有益な情報とは言い難いかもしれませんが、読み物の一つとして読んでいただけたら幸いです。

ちなみに自己ベスト10秒81の4流が書いています。悪しからず…。

前提として「正解」はありませんが…

私自身「絶対的にこれが正しいという手法はない」というスタンスです。個々人で年齢、体格や現時点でも持ちタイムも全く違うはずです。

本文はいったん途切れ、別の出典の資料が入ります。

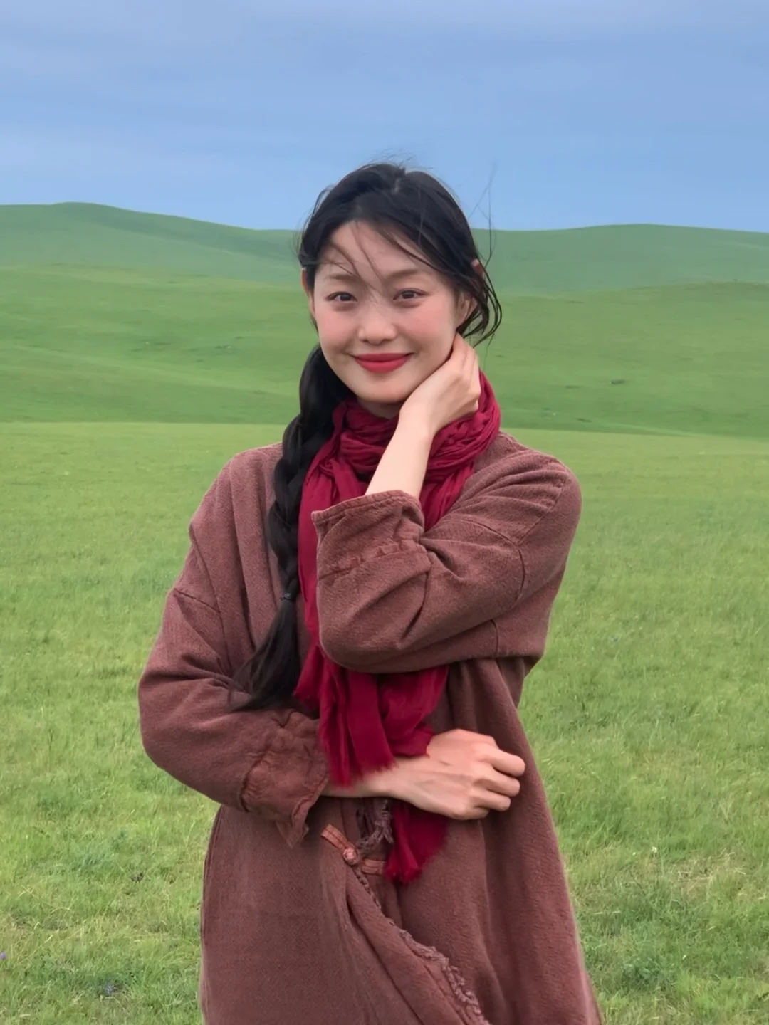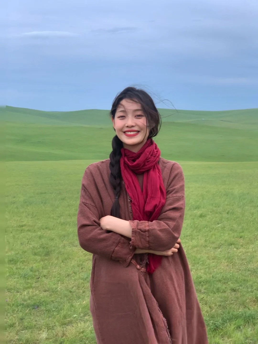 《红衫白裤的清序》正红上衣裹着舒展的妥帖,像把晴光揉进衣料里——领口轻落的

世の中には優れた教本もありますが、あれは速く走るための要素を最大公約数的に解説しているものです。いわば、目的地の大まかな位置が示されている地図といえましょう。実際に現在位置を見定めルートを設定し、踏破するのは自分自身です。

「来シーズン10秒台を狙えるレベル」は11秒台前半

10秒台に突入できない、あるいはできなかった選手のほとんどは「時間が足りなかった」のではないかと思っています。学生としてスポーツに打ち込める時間は、思うよりずっと短いといえます。

高校生で「来シーズン10秒台を狙いたい!」と考えたとき、シーズン中にはどの程度のタイムを出しておくべきか。最低11秒5は切っておくべきと考えます。

身長の伸びが止まっている場合や大学生・社会人は11秒3を切れる状態が望ましいと思います。あくまで個人の皮膚感覚です。悪しからず。

トレーニングサイクルの話

極論を言えば「小賢しいことを4の5の言わず、ガンガン走って死ぬほど筋トレしなさい」という話になります。 これだけでは余りに不親切なので、もう少し掘り下げて書きます。

練習記録は付けていますか

この記事を読んでいる皆さん、練習記録を付けていますか?

断言します。成長期の選手であれば、練習記録を付けてPlan(計画)→Do(実行)→Check(評価)→Act(改善)のPDCAサイクルがキチッと回っていれば記録は伸びていきます。 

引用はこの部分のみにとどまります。